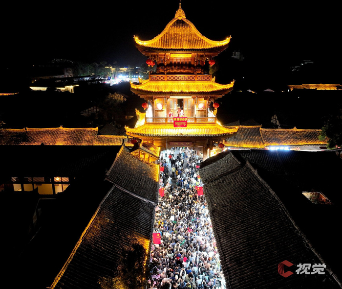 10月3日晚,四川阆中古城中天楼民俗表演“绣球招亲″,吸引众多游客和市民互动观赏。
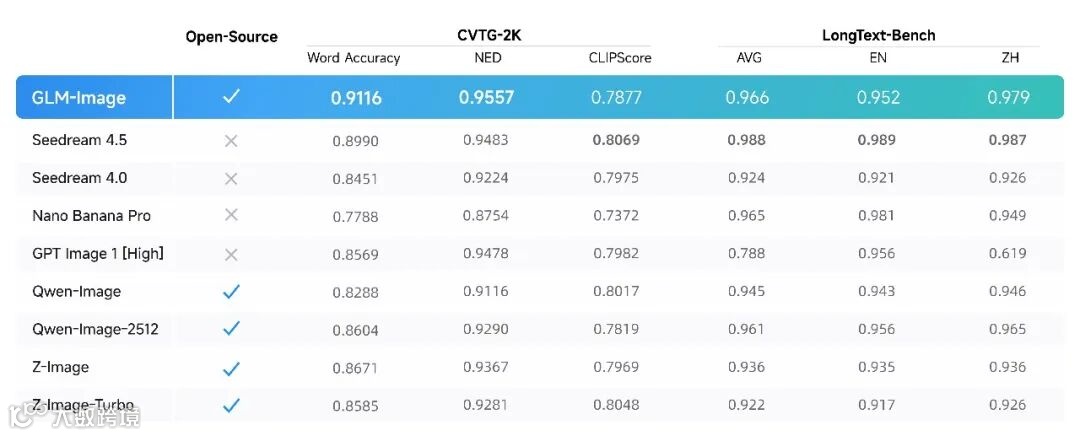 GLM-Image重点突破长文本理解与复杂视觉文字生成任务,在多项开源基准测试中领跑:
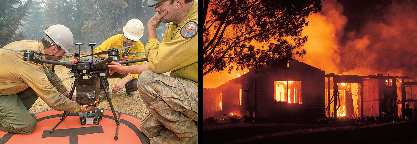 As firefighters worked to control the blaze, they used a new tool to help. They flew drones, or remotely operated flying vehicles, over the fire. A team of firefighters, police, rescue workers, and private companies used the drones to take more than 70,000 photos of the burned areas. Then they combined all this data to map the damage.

• _WHAT TO PRODUCE_
Reproduce every line above exactly, pictures excluded.

• _RESPONSE BOX_
 10月3日晚,四川阆中古城中天楼民俗表演“绣球招亲″,吸引众多游客和市民互动观赏。
 GLM-Image重点突破长文本理解与复杂视觉文字生成任务,在多项开源基准测试中领跑:
 As firefighters worked to control the blaze, they used a new tool to help. They flew drones, or remotely operated flying vehicles, over the fire. A team of firefighters, police, rescue workers, and private companies used the drones to take more than 70,000 photos of the burned areas. Then they combined all this data to map the damage.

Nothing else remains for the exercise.